## Exercise requirements
Word for word, return the lines below from the first through the line that has "① 战栗,发抖,颤抖,哆嗦;震动,震颤;(Ton声音)颤抖", dropping the pictures.

[Data excerpts]
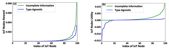 Figure 2a–c present the IoT nodes’ effort , the FAPs’ reward , and the IoT nodes’ achieved utility as a function of the IoT nodes’ types considering the scenarios of complete and incomplete information. It is noted that the IoT nodes’ types are sorted for presentation purposes, i.e., . The results reveal that the IoT nodes of higher type, i.e., better socio-physical conditions, invest more effort (Figure 2a) by transmitting with higher transmission power to report more data to the corresponding FAPs that they are associated with. Thus, following the fairness (Proposition 1) and monotonicity (Proposition 2) conditions, the IoT nodes of higher type enjoy a higher reward (Figure 2b) from the FAPs, i.e., higher charging power. Therefore, based on the rationality (Proposition 3) condition, the IoT nodes of higher type achieve a higher utility, as shown in Figure 2c. Furthermore, it should be noted that the FAPs provide the minimum possible rewards to the IoT nodes under the complete information scenario given that they know their socio-physical characteristics; thus, (Figure 2c).
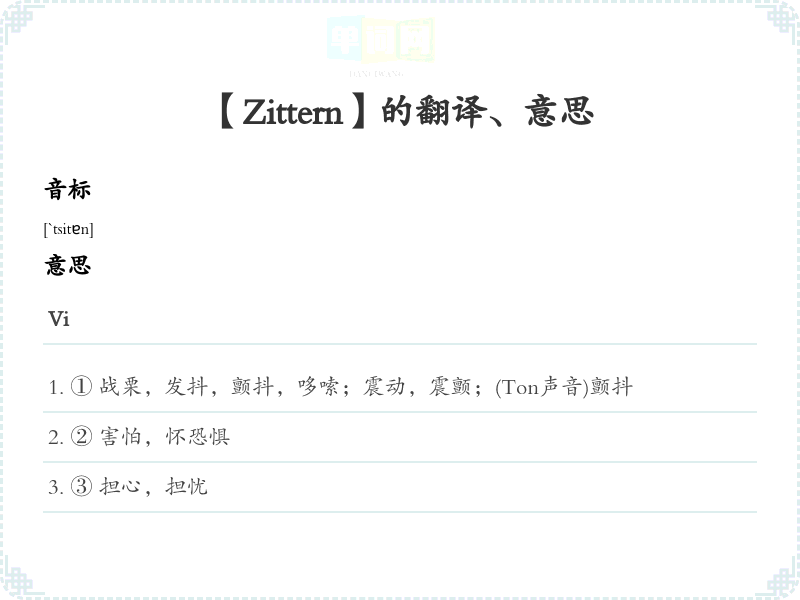 ① 战栗,发抖,颤抖,哆嗦;震动,震颤;(Ton声音)颤抖
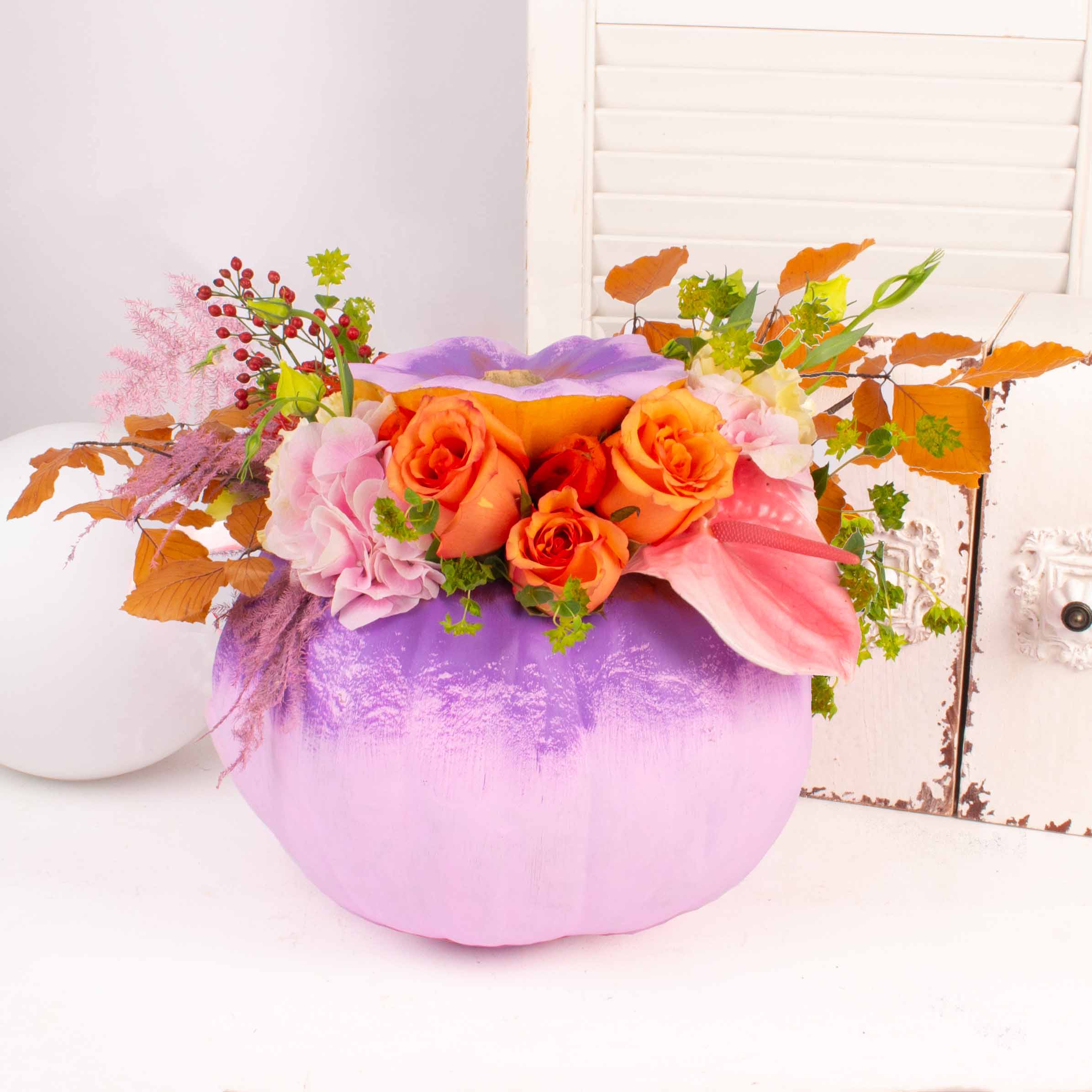 Iubim emotiile si bucuria pe care le vedem pe chipul celor care primesc flori si aranjamente florale pregatite in floraria Purple Flowers. De aceea ne straduim de fiecare data sa cream aranjamente unice care sa surprinda prin forma si culoare. Acest aranjament cu bostan roz, trandafiri, athurium si alte flori este cadoul de care ai nevoie atunci cand vrei sa spui „Te iubesc!” unei persoane dragi.
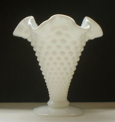 FENTON MILK GLASS HOBNAIL VASE ~ Stamped
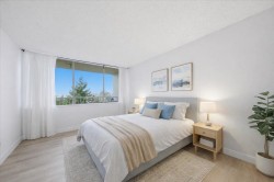Welcome to the sought-after Whytecliff building in Woodcroft Estates! This bright and private fully renovated (2023) 1-bedroom suite offers amazing panoramic views of water, lush greenery, and the city skyline including Lions Gate Bridge and the tranquil Capilano River. Thoughtfully updated with fresh paint, tiled entry, and newer appliances, this home is ideal for first-time buyers, investors, or downsizers. Enjoy resort-style amenities large indoor pool, sauna, hot tub, gym, library, entertainment and 24-hour gated security. This popular, clean, and well-maintained building is known for its park-like setting and welcoming neighbours. Unbeatable North Vancouver location just minutes to Park Royal, trails, transit, and downtown.month-to-month tenancy;24 hours’ notice required for showings.
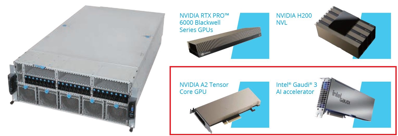 其他硬體規格的部分,D75E-4U搭配兩顆英特爾Xeon 6處理器,機箱背部能置入8張雙寬尺寸的GPU加速卡,以及5張單寬尺寸的網路卡(NIC)或BlueField-3資料處理器,因此,針對CPU、GPU、NIC的組態,提供兩種搭配:一是內建PCIe交換器,比例是2:8:5(2顆處理器搭配8張GPU與5張網路卡),另一是無PCIe交換器,三種元件搭配的比例是2:4:3;關於硬碟儲存的部分,機箱前側可安裝24臺E1.S外形的NVMe固態硬碟。
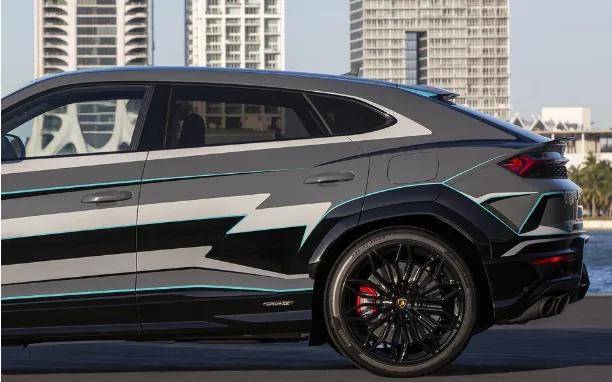外觀方面,這臺蘭博基尼Urus SE的特殊涂裝除了正常的工序之外,還需要進行230個小時的特別涂裝工程以及測試,這種混合了高光材料并利用灰色和黑色對比度的設計,極大的彰顯出了邁阿密特色的文化風格和藝術品味。
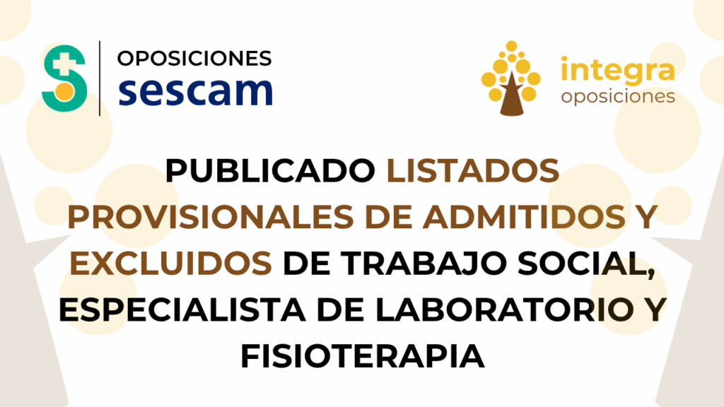 La Dirección General de Recursos Humanos del SESCAM, ha publicado la lista provisional de admitidos y excluidos de la convocatoria de Trabajo Social y Especialista de laboratorio, acceso libre.

## Solution to this task
 Figure 2a–c present the IoT nodes’ effort , the FAPs’ reward , and the IoT nodes’ achieved utility as a function of the IoT nodes’ types considering the scenarios of complete and incomplete information. It is noted that the IoT nodes’ types are sorted for presentation purposes, i.e., . The results reveal that the IoT nodes of higher type, i.e., better socio-physical conditions, invest more effort (Figure 2a) by transmitting with higher transmission power to report more data to the corresponding FAPs that they are associated with. Thus, following the fairness (Proposition 1) and monotonicity (Proposition 2) conditions, the IoT nodes of higher type enjoy a higher reward (Figure 2b) from the FAPs, i.e., higher charging power. Therefore, based on the rationality (Proposition 3) condition, the IoT nodes of higher type achieve a higher utility, as shown in Figure 2c. Furthermore, it should be noted that the FAPs provide the minimum possible rewards to the IoT nodes under the complete information scenario given that they know their socio-physical characteristics; thus, (Figure 2c).
 ① 战栗,发抖,颤抖,哆嗦;震动,震颤;(Ton声音)颤抖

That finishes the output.